■ **Material to process**:
----------
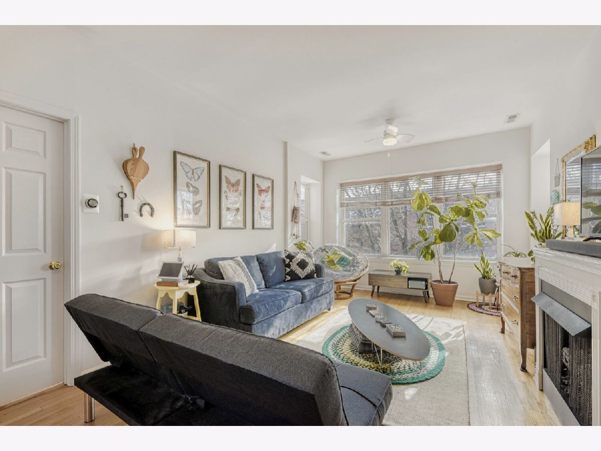 Multiple offers received. Best & Final offer deadline is Monday, 2/9 at 3pm. Step inside this delightful, south-facing, top-floor 2-bedroom, 1-bath condo and be immediately greeted by a flood of warm, natural sunlight. You'll feel right at home the moment you walk into the foyer. The entire space has been professionally repainted and features beautiful hardwood floors, creating a fresh and inviting atmosphere. Comfort is key with in-unit laundry, central air, and gas forced heat. Imagine cozy evenings sipping your favorite beverage in the spacious living room, complete with a charming fireplace. Thoughtful updates include new lighting in both the kitchen and bathroom. Just off the kitchen, a private deck is perfect for your summer and fall outdoor entertaining. Take a peaceful stroll down the quaint, tree-lined streets to lovely Horner Park. Easy street parking completes the picture. Welcome home!
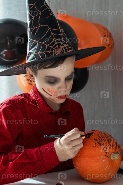 Концепция карнавала или маскарада на Хэллоуин. Счастливый подросток в костюме рисует тыкву для празднования Хэллоуина
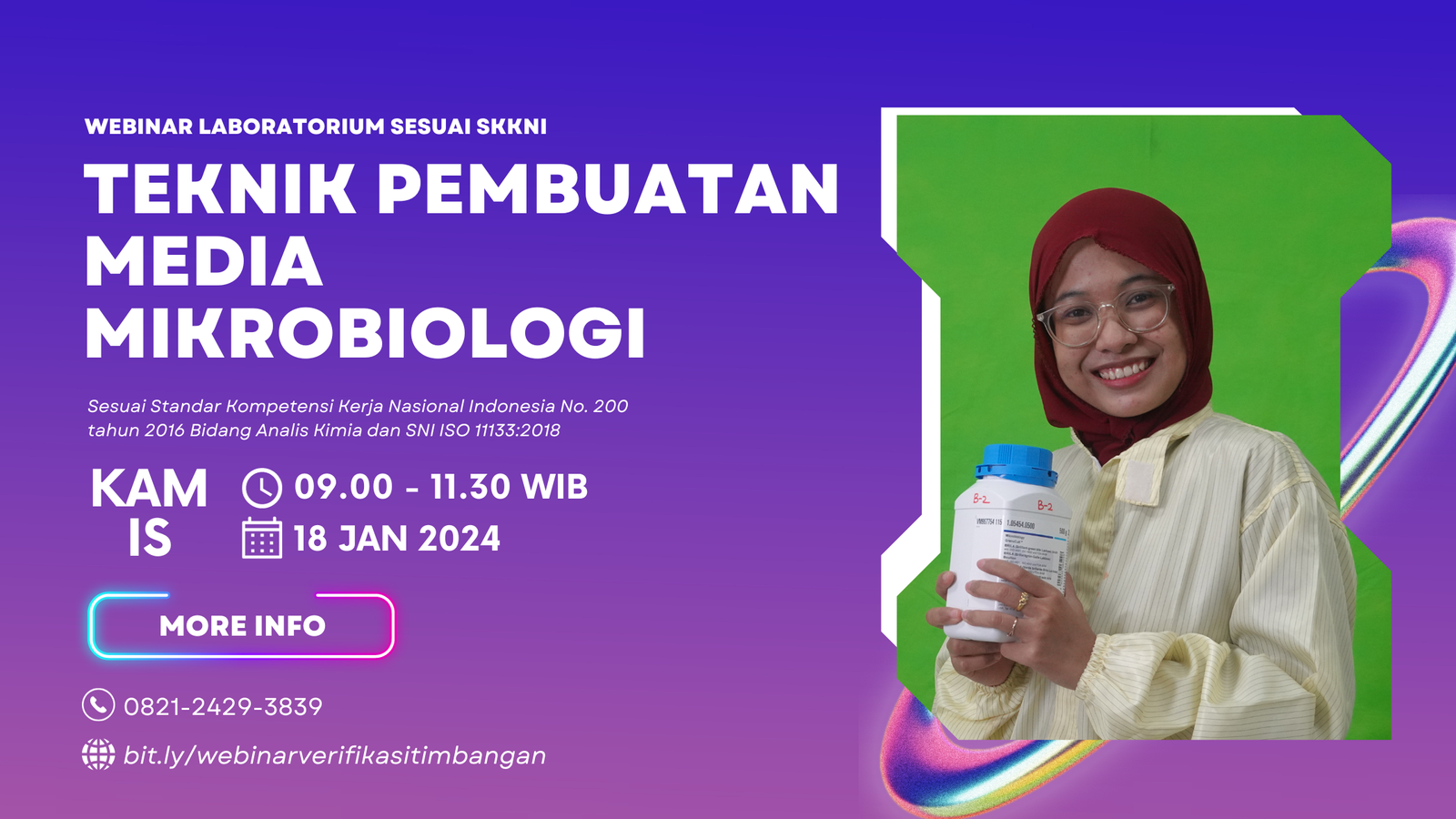 Oleh karena itu, Labmania Indonesia akan membantu meningkatkan kompetensi Sahabat Labmania dibidang laboratorium mikrobiologi dengan mengadakan Training Online Teknik Pembuatan Media Mikrobiologi dalam bentuk webinar untuk membahas lebih detail tentang langkah dalam melakukan verifikasi alat ukur volume sesuai dengan standar.
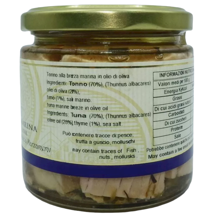 Tonno Siciliano Alla Brezza Marina in Olio D'oliva, 220 g con Timo e Sale Marino CODICE ARTICOLO: SBCAM009
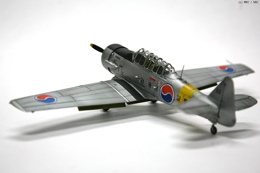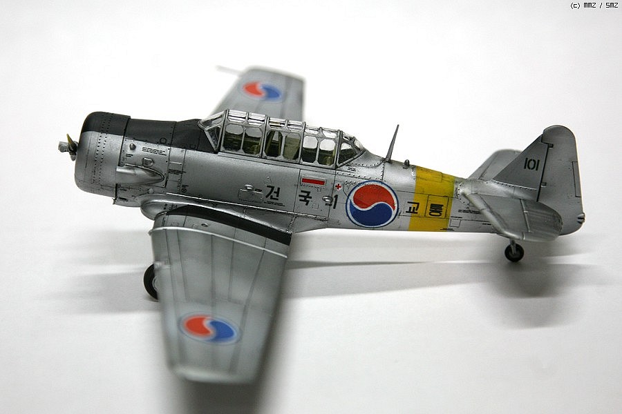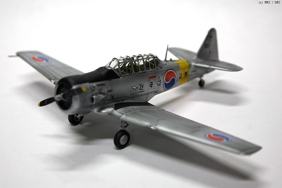 한국곤군 최초의 도입기 건국기입니다,,이승만대통령이 명명한 건국기로 당시 도입하는데 많은 어려움이 있었고 미국에서의 도입이 어려워 캐나다에서 도입하였습니다...물론 전투기가 아닌 훈련기로 도입되었습니다...총10대의 기체가 도입되었습니다...이타레리 택산을 사용하였습니다..물론 이탈제 키트를 그대로 사용은 어렵고 부분 개수를 해야합니다...즉, 이탈제는 후기형으로 콕핏의 형태와 머플러가 다릅니다...초기형으로 개수해야합니다.
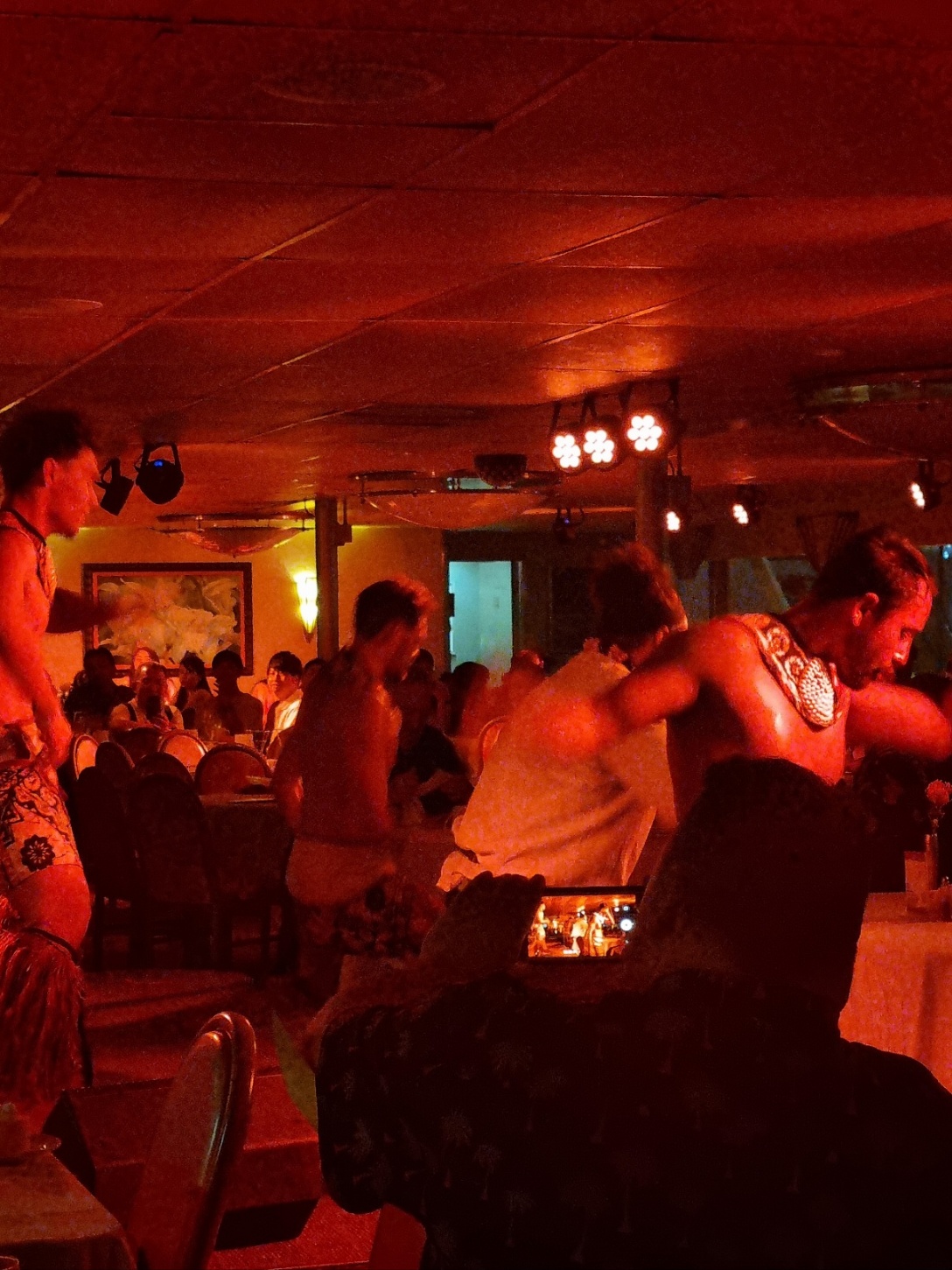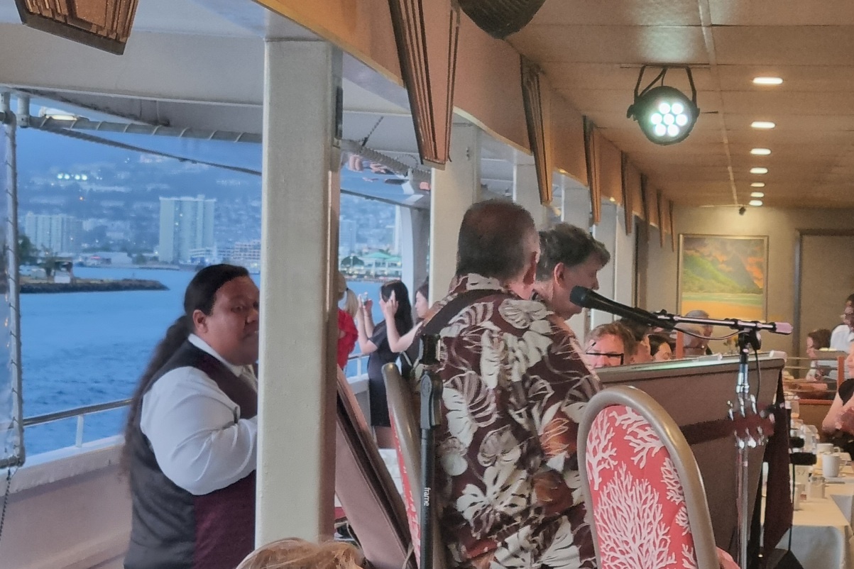 세계인이 하나가 되어 자리애서 일어나 춤판이 벌어집니다. 저희 테이블 서빙하시던 분도 춤판에 합류하셨네요.춤판은 YMCA 노래에 맞춰 절정에 다가갑니다. 배가 완전히 도착해서도 열기가 식지 않아요. 같이 탄 외국분들이 계속 노래도 따라 부르고 춤도 같이 추고 하다 보니 안 즐거울 수가 없는 스타오브호놀룰루였습니다.
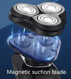 Ha una batteria al litio da 600 mAh, che consente di avere un uso senza interruzioni per 80 minuti con una carica completa in 1 ora, include cavo di ricarica. Include una testina di rasatura rotante con tre testine flottanti con lame in titanio.
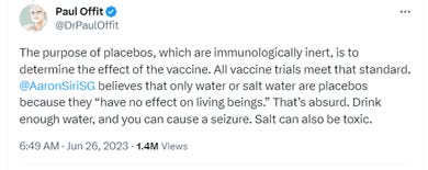 Offit also, on July 1, 2023, responded to the above Tweet in a Substack article which, as noted above, is titled The Casual Cruelty of Placebo-Controlled Clinical Trials. His entire article is in bolded text below (you don’t want to miss a word) and, between paragraphs, I provide responses.
----------
■ **Try it**: Each line from the first line of the listing through the line with "Концепция карнавала или" must be printed exactly, both ends included, and no picture may appear.

■ **Task solution**:
 Multiple offers received. Best & Final offer deadline is Monday, 2/9 at 3pm. Step inside this delightful, south-facing, top-floor 2-bedroom, 1-bath condo and be immediately greeted by a flood of warm, natural sunlight. You'll feel right at home the moment you walk into the foyer. The entire space has been professionally repainted and features beautiful hardwood floors, creating a fresh and inviting atmosphere. Comfort is key with in-unit laundry, central air, and gas forced heat. Imagine cozy evenings sipping your favorite beverage in the spacious living room, complete with a charming fireplace. Thoughtful updates include new lighting in both the kitchen and bathroom. Just off the kitchen, a private deck is perfect for your summer and fall outdoor entertaining. Take a peaceful stroll down the quaint, tree-lined streets to lovely Horner Park. Easy street parking completes the picture. Welcome home!
 Концепция карнавала или маскарада на Хэллоуин. Счастливый подросток в костюме рисует тыкву для празднования Хэллоуина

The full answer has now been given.